The bragging about foggy AI
How do we get around the cognitive dissonance with AI? We know it is awesome and can solve all of humanity's problems. But we also know it doesn't work and it is far from being production ready.
Here is an example. I came across two articles this week which I hope will demonstrate my point.
The first was an article 'This Startup Is Trying to Test How Well AI Models Actually Work'. The second was a blog post 'The Art of Product Management in the Fog of AI' by Tomasz Tunguz.
The first article talks about a startup, vals.ai which 'is working to build a third-party review system for vetting the performance of AI in areas like accounting, law and finance.'
(As an aside, I note that this company was started by two guys who dropped out of a masters program at Stanford university.
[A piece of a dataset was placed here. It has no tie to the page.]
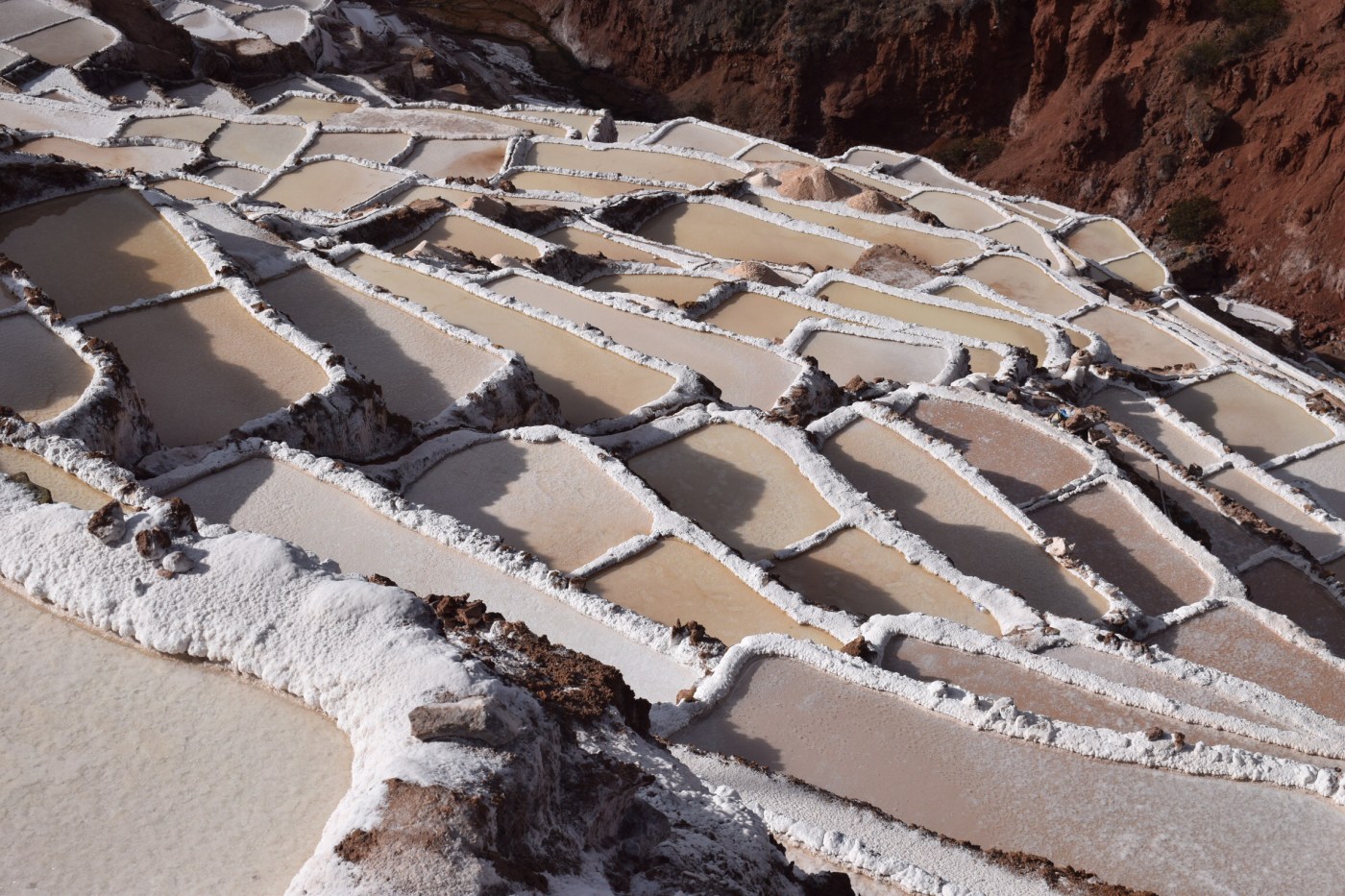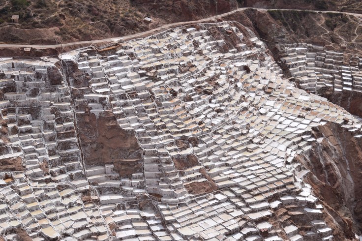 Habitués à voir des terrasses agricoles à longueur de coups de pédales, nous sommes éblouis par ce nouveau genre d’aménagement du territoire. Les Salines de Maras exploitent une source d’eau très salée et récoltent le sel par évaporation. Les différents tons de beige et blanc des terrasses sont un régal pour les yeux.

I always wonder why the story has to include this piece of information. Is it the fact they dropped out of school? Do you have to drop out of Stanford as the prerequisite to start a company? I am sure there is enough material for a separate post.)
Back to the topic.
These two gentlemen identified a need for a transparent benchmark to evaluate Large Language Models (LLMs) against standard criteria within a particular context. To begin, they chose three areas - Legal, Tax and Finance. To test, they chose 15 models, from famous and proprietary, to open source or less known. Then they started sending the questions and ranking the answers.
Demonstrating their (unfinished) engineering background they included in the stats things like speed of the answer or cost associated with the answer. Completely - at this stage - irrelevant metrics. The only number which matters is the accuracy. For the legal reasoning tasks, the highest number for accuracy was 77%. For legal contract-related questions it was 74%. For tax-relatedquestions it was 55%. And for corporate finance, 65%. And to make it clear again - these were the best results.
From Tomasz Tunguz' blog post, I will quote this: 'How does one design a product experience in the fog of AI? The answer lies in embracing the unpredictable nature of AI'.
Does the above bring a question in your mind? Something like 'Is this AI thing just another hype which will end in disaster?' Sadly, the whole AI industry is trying to achieve just that. And statements like 'AI Intelligence Will Be Smarter Than Some Humans Within a Year' by Mr. Musk are not helping.
The mentioned startup is trying to achieve an impossible task. How can you measure or benchmark something where the number of questions is very large and in order to evaluate the accuracy of the answers, you need a human expert (we call them lawyers) to approve it? And even then, I am sure there will be another human expert (another lawyer) who would argue that the answer is not that accurate. If you try to suggest that this can't happen, obviously you've never been part of any contract dispute negotiation. From my experience, I can also add that equally important to what's in the contract is what it is not in the contract. Try asking AI what's missing ...
True, there will be arguments that the models can improve, will get better, faster, more accurate. And I am sure, you already saw articles showing that AI can pass the bar exam. That is not a drinking game but a test for aspiring lawyers to be able to practice law in their respective jurisdiction. Sounds amazing, until you read that AI got just 76% of answers correct.
And this is the problem. We expect from technology 100% accuracy. For a straight question, a straight answer. For the same question, the same answer. Bragging about 76% accuracy, it's just that - bragging. Trying to use technology in production, where quality and accuracy is paramount; and we are told that we have to embrace 'the unpredictable nature of AI', will only result in questioning everything that comes out.
To make AI a helpful recurrent pattern, we should be more explicit about what it is and what is not. So far it is much less than what we are being told.